Can money always talk?: implication for environmental compensation by international agribusiness
Zhou Li and
No 641, IDE Discussion Papers from Institute of Developing Economies, Japan External Trade Organization(JETRO)
With the development of agricultural industrialization, the environmental issues of intensive animal farming are attracting increasing attention. Using survey data from 313 Chinese households living near the large-scale broiler farms of an international food company, this paper employs a contingent valuation method and discrete choice experiment to quantify the willingness to accept an air pollution compensation scheme. We find the following. (1) 42% of respondents have a nonmonetary preference for compensation; thus, the conventional contingent valuation method is unsuitable for application to them. (2) The results of a probit and tobit model show that in addition to income, “trust and perception” dominate decision-making based on willingness to accept; however, the effect of actual distance is weak. (3) Because of the positive externalities of roads, schools, and job opportunities, the combination of nonmonetary options is feasible and beneficial for both sides (the company and households) in the long term.
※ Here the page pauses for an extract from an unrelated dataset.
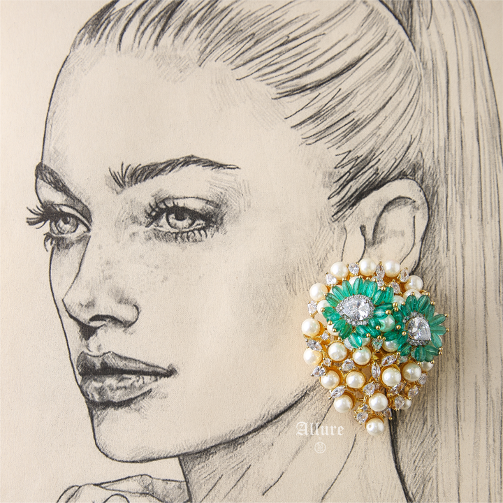 Barlas is a cluster of faux pearls enhanced with Zirconia. A vibrant pop of green florals enhnaces its beauty and the gold accent evokes its charm. An earring that is sure to make you steal the limelight, make an impression like never before.

Thus, from the perspective of the global value chain, it is worth studying nonmonetary compensation strategies in order to explore the sustainable development strategies of multinational corporations.
Keywords: Agricultural economics; Poultry; Agriculture; Globalization; Willingness to accept; CVM; Choice experiment; Global value chain; Pollution; China (search for similar items in EconPapers)
JEL-codes: F23 Q12 Q51 (search for similar items in EconPapers)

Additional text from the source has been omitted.